Using a model of airway tissue created from human stem cells, University of California researchers have identified how cigarette smoking causes more severe infection with SARS-CoV-2, the virus that causes COVID-19, in the airways of the lungs.
The study, led by scientists at the Eli and Edythe Broad Center for Regenerative Medicine and Stem Cell Research at the University of California, and published in Stem cell cellsIn this article, it will help researchers better understand the risks of COVID-19 for smokers and can help develop new treatment strategies to help reduce smokers’ chances of developing serious illnesses.
Cigarette smoking is one of the most common causes of lung disease, including lung cancer and chronic obstructive pulmonary disease, and most demographic studies of COVID-19 patients have indicated that current smokers are at increased risk of severe infection and death. But the reasons for this were not entirely clear.
To help understand how smoking affects SARS-CoV-2 infection at the cellular and molecular level, Dr Brigitte Gomberts partnered with co-lead authors Faithilengaraja Aromogaswamy, Associate Professor of Molecular Pharmacology and Medicine, and Kathryn Plath, professor of biochemistry, to recreate what happens when infected Airways of a Current Smoker with SARS-CoV-2.

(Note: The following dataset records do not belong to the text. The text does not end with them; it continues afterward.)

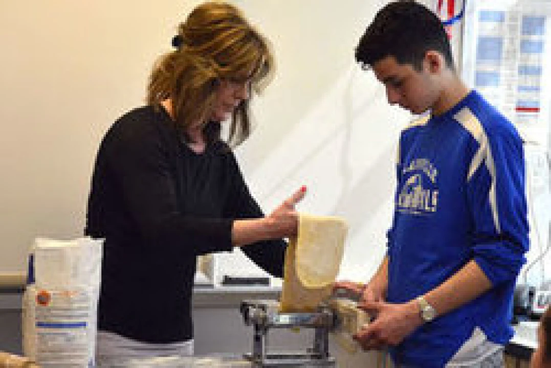 Students in Maria Colangelo's French-Italian club got a taste of traditional Italian cuisine Wednesday as professional chefs Tina Autunno and Rosa Rocco visited. The pair taught students how to make spinach and ricotta ravioli in a tangy orange sauce.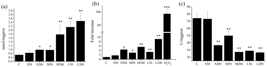 NCBs-induced oxidative stress in RAW264.7 cells. (a) MDA level; (b) ROS level; (c) SOD level. C: control; S50: 50 μg·mL−1 Printex 90; S200: 200 μg·mL−1 Printex 90; M50: 50 μg·mL−1 Printex G; M200: 200 μg·mL−1 Printex G; L50: 50 μg·mL−1 Flammruss 101; L200: 200 μg·mL−1 Flammruss 101. * p < 0.05; ** p < 0.01; *** p < 0.001; one-way ANOVA for comparison.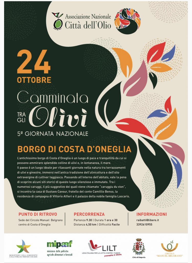 Domenica 24 ottobre torna la camminata tra gli ulivi a Costa d’Oneglia, 5^ giornata nazionale dell’Associazione Nazionale Città dell’Olio.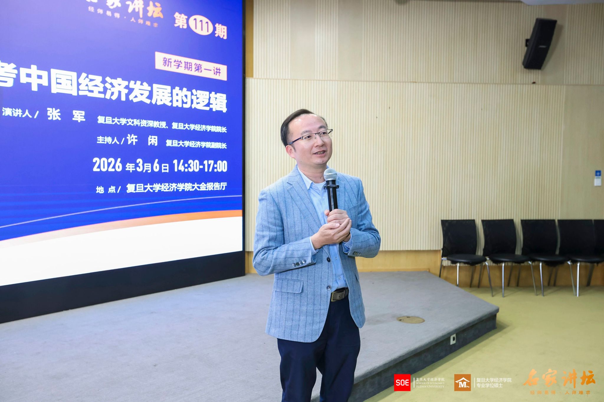 3月6日下午,复旦大学经济学院“名家讲坛”第111期、新学期第一次课程在大金报告厅重磅开讲。复旦大学文科资深教授、经济学院院长张军以“重新思考中国经济发展的逻辑”为主题,面向经济学院专业硕士研究生,带来了一堂丰富精彩的课程。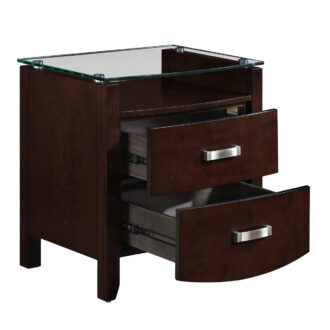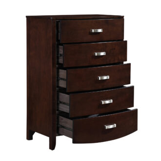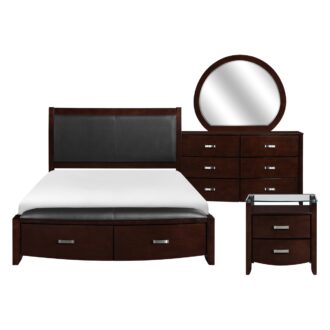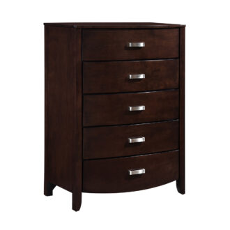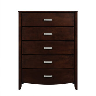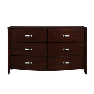 Taking the expected design elements of hard contemporary and putting a decidedly feminine curve into the mix make the Lyric Collection a unique addition to your new bedroom design. With each curve comes a new twist – satin nickel hardware accents the dark espresso finish, bowfront case pieces feature ball bearing drawer glides, and compliment the padded sleigh headboard and footboard, while a round, contemporary mirror reflects the modern designs that you have selected. A final unique addition to the collection is the glass-topped night stand that furthers the contemporary feel.

The team used a platform known as air-fluid interface culture, which has grown from human airway stem cells and closely replicates how the airways behave and function in humans. The air passages, which carry the air inhaled from the nose and mouth to the lungs, are the body’s first line of defense against airborne pathogens such as viruses, bacteria and smoke.

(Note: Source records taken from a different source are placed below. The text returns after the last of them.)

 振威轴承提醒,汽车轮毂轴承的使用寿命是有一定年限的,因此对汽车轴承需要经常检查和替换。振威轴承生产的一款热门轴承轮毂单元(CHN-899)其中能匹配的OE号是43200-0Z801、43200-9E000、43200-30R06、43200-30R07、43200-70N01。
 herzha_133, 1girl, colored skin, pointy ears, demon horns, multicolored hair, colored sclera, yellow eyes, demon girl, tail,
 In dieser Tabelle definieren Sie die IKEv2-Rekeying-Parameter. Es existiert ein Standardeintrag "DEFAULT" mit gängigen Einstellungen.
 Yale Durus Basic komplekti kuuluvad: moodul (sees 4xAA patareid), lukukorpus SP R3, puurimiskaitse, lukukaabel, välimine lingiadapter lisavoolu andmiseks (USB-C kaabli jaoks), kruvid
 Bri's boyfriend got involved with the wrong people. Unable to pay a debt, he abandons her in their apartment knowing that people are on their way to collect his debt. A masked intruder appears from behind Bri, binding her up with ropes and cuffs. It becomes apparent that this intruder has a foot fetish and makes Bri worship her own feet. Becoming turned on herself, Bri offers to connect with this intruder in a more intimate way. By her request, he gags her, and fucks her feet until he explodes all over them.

“Our model replicates the upper part of the airways, which is the first place the virus hits,” said Gomperts, professor of pulmonology and a member of the UCLA Jonsson Comprehensive Cancer Center. “This is the part that produces mucus to trap viruses, bacteria and toxins and contains cells with finger-like bumps that overcome this mucus and leave the body.”
The air-liquid interaction cultures used in the study were cultured from airway stem cells taken from the lungs of five donors with young, healthy, non-smokeless tissue. To replicate the effects of smoking, researchers exposed these airway cultures to cigarette smoke for three minutes daily over the course of four days.
Said Gomperts, who also serves as vice chair for research in pediatric hematology and oncology at the Institute for Children’s Discovery and Innovation at the University of California, Los Angeles.
Then, the group infected cultures that were exposed to cigarette smoke – as well as similar cultures that were not exposed – with live SARS-CoV-2 and the two groups were compared. In models exposed to smoke, the researchers saw between two and three times as much affected cells.
For further research, the researchers determined that smoking led to more severe SARS-CoV-2 infection, at least in part, by blocking the activity of immune system proteins called interferons. Interferons play an important role in the body’s early immune response by stimulating infected cells to produce proteins to attack the virus, calling in additional support from the immune system, and alerting uninfected cells to prepare to fight the virus. Cigarette smoke has been known to reduce the response to interferon in the airways.
“If you think of the airways as the tall walls that protect a castle, smoking cigarettes is like poking holes in these walls,” Gumperts said. “Smoking reduces the natural defenses and this allows the virus to emerge.”
Study co-authors are Arunima Purkayastha, Chandani Sen, and Gustavo Garcia Jr. And Justin Langerman, all from the University of California, Los Angeles.
This work was supported by the National Institutes of Health, University of California Los Angeles Medical Scientist Training Program, University of California School of Medicine David Geffen – COVID-19 Broad Stem Cell Research Center Research Award, California Institute for Regenerative Medicine, and UCLA Clinical and Translational Science Institute (With support from the National Institutes of Health’s National Transitional Science Development Center), the Tobacco-Related Disease Research Program, the Ablon Scholars Program at the UCLA Jonsson Comprehensive Cancer Center and the UCLA Broad Stem Cell Research Center.